**WHAT YOU HAVE TO DO:** Nothing in the data should change when you return it, but leave the pictures out.

**DATASET EXCERPT:**
——————

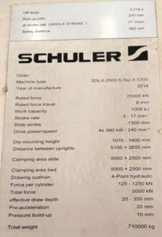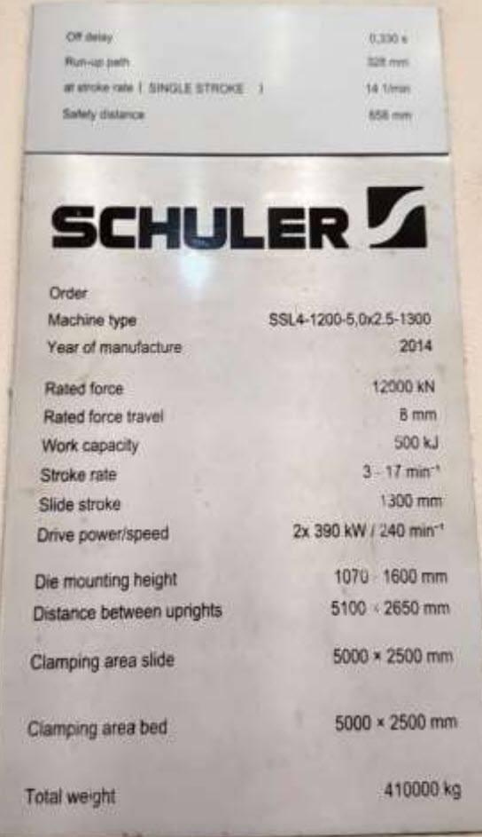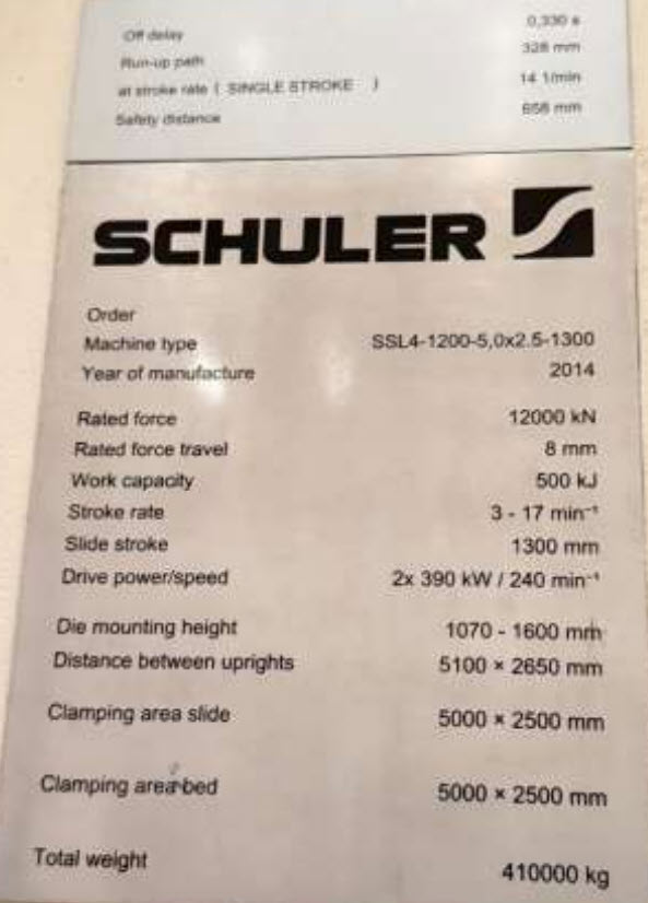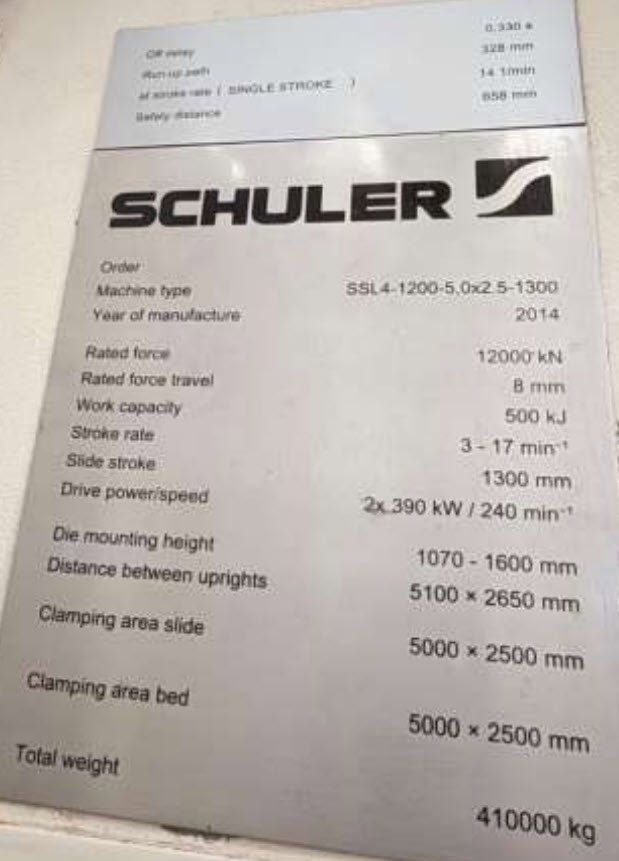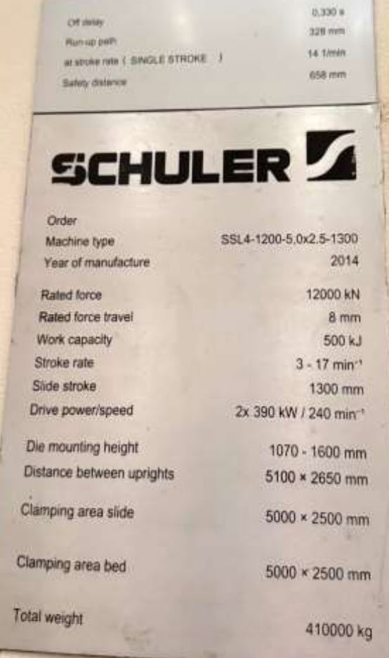 Model: Schuler SSL4-2500-5.0X2.5-1300 / SSL4-1200-5.0x2.5-1300 Press
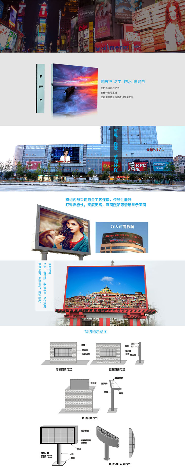 廣泛應(yīng)用于:大型會場、廣場、體育場館、政府機關(guān)、航站、碼頭、車站、證券市場及其它交易市場、電力、展覽館等多種需要進行宣傳、廣告、信息發(fā)布、導(dǎo)引的場所。
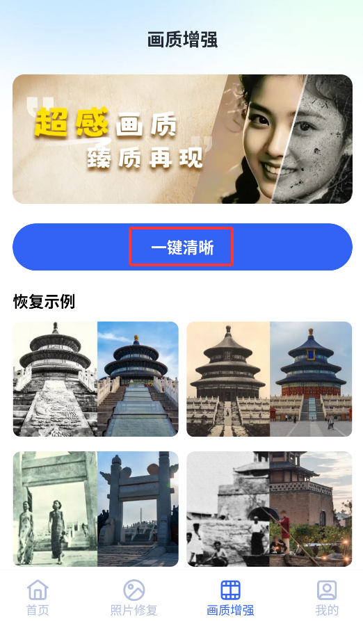 4、画质增强模块采用AI超分辨率技术,可一键提升照片清晰度并智能补全缺失细节。
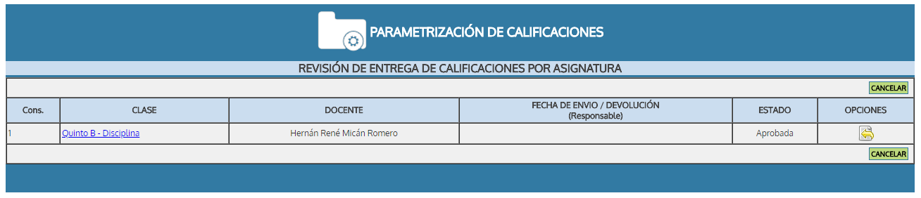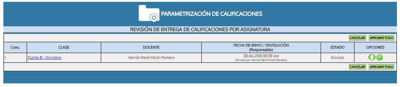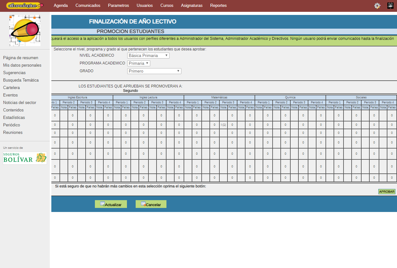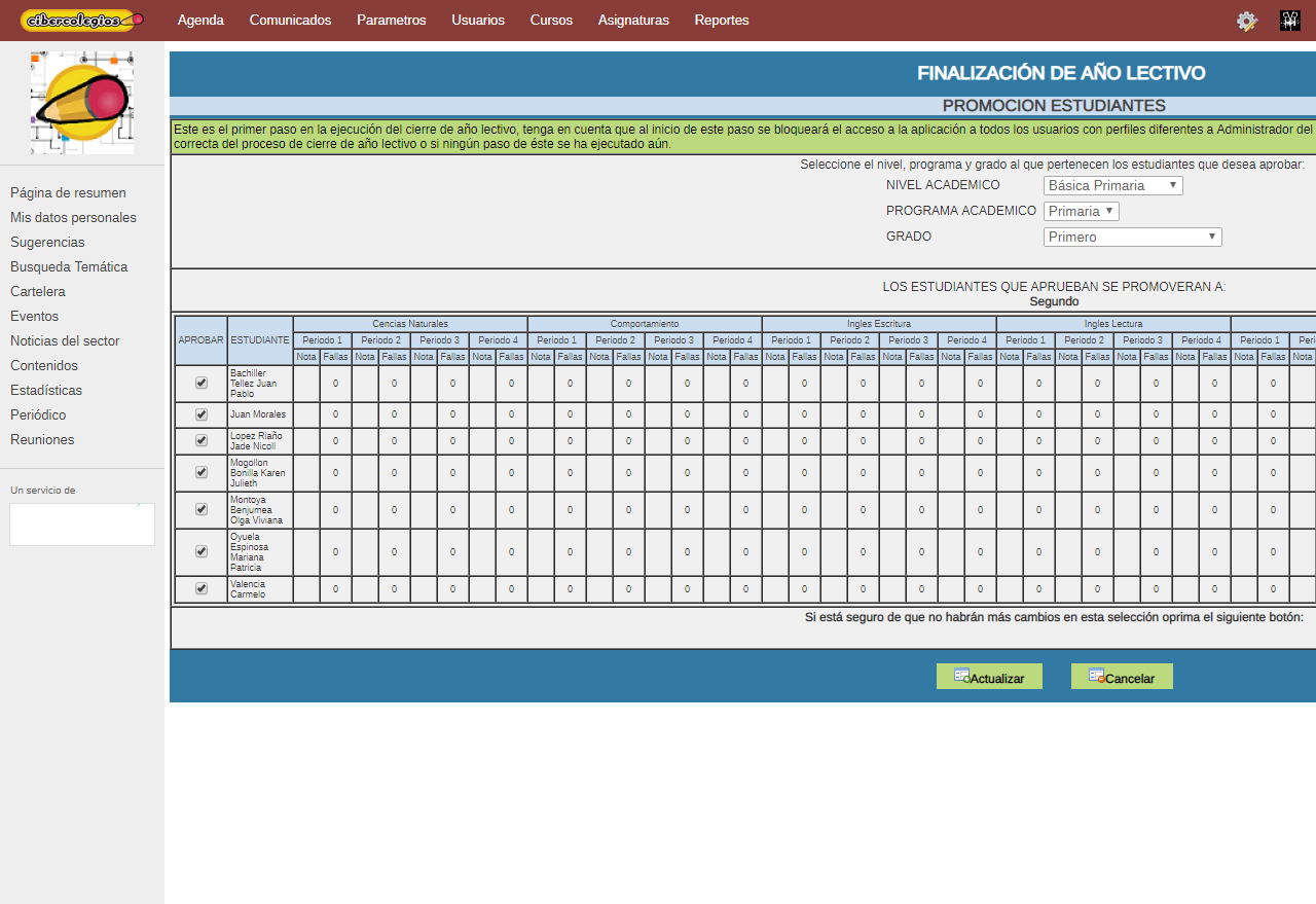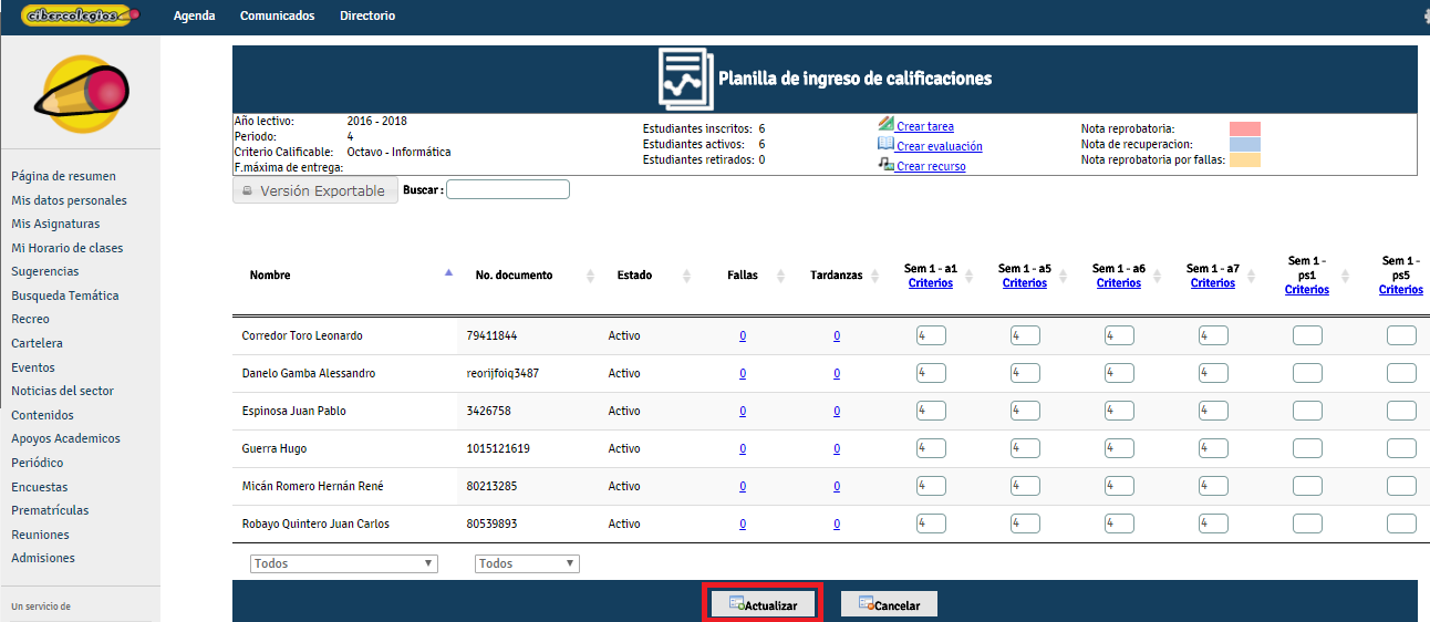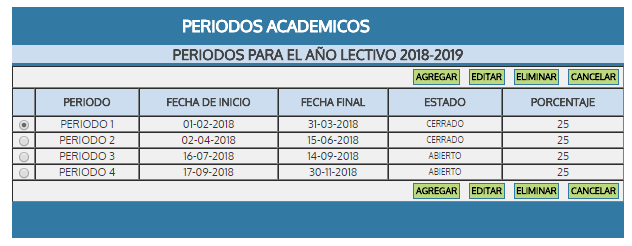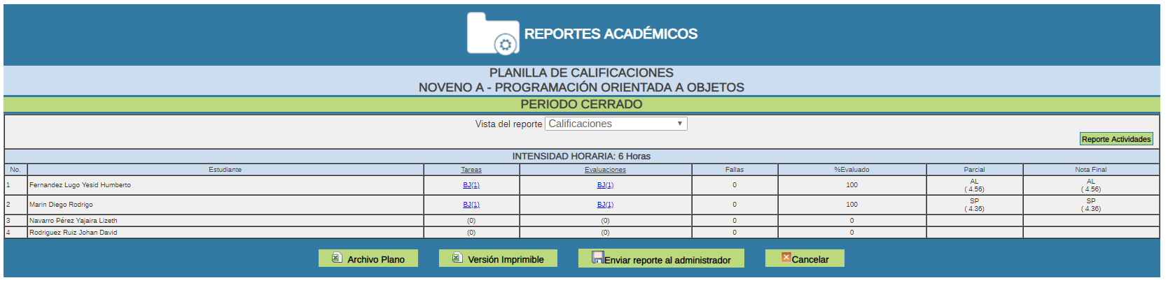 Gestión de planilla de calificaciones por periodos académicos desde el Administrador Académico |

——————

**SOLUTION:**
 Model: Schuler SSL4-2500-5.0X2.5-1300 / SSL4-1200-5.0x2.5-1300 Press
 廣泛應(yīng)用于:大型會場、廣場、體育場館、政府機關(guān)、航站、碼頭、車站、證券市場及其它交易市場、電力、展覽館等多種需要進行宣傳、廣告、信息發(fā)布、導(dǎo)引的場所。
 4、画质增强模块采用AI超分辨率技术,可一键提升照片清晰度并智能补全缺失细节。
 Gestión de planilla de calificaciones por periodos académicos desde el Administrador Académico |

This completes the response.